*Exercise requirements*: Go over the lines below, and when one contains the word "blue", copy it.

Data records
== Segment start ==

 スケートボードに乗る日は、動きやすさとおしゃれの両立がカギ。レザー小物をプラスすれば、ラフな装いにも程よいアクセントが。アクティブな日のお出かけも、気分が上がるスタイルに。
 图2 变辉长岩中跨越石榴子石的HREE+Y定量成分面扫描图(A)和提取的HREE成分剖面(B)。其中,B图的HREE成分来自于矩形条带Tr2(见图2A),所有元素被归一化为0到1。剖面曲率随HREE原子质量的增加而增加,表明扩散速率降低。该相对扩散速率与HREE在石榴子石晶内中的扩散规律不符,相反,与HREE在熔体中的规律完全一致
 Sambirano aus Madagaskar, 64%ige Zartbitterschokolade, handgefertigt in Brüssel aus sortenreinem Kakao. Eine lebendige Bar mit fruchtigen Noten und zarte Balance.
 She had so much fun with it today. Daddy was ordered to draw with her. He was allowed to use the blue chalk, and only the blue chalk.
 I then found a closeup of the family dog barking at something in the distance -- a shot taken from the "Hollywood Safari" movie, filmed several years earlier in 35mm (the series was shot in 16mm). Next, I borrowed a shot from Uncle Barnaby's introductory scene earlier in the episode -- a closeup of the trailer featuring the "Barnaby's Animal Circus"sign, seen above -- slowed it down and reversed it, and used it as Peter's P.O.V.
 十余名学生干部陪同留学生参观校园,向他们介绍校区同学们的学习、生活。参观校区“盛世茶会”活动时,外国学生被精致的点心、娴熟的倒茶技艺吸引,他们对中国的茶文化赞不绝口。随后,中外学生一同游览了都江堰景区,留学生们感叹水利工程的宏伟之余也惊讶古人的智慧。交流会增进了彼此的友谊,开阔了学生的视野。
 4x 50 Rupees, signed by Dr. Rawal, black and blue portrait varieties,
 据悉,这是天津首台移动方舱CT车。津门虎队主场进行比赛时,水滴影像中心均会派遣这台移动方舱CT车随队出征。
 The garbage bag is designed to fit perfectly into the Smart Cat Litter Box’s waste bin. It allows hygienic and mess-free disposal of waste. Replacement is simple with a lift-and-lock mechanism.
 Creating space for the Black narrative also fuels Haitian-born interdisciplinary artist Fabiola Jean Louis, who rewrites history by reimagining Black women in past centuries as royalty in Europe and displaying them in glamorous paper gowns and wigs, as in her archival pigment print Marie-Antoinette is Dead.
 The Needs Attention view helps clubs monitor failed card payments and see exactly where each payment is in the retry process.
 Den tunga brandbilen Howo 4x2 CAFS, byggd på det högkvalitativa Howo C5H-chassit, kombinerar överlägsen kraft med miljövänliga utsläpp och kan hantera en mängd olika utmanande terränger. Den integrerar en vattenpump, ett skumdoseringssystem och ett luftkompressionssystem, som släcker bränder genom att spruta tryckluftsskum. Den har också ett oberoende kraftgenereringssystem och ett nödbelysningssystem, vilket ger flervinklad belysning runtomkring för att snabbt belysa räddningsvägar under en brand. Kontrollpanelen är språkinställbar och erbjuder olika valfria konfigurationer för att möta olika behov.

== Segment end ==

*Result below*:
 She had so much fun with it today. Daddy was ordered to draw with her. He was allowed to use the blue chalk, and only the blue chalk.
 4x 50 Rupees, signed by Dr. Rawal, black and blue portrait varieties,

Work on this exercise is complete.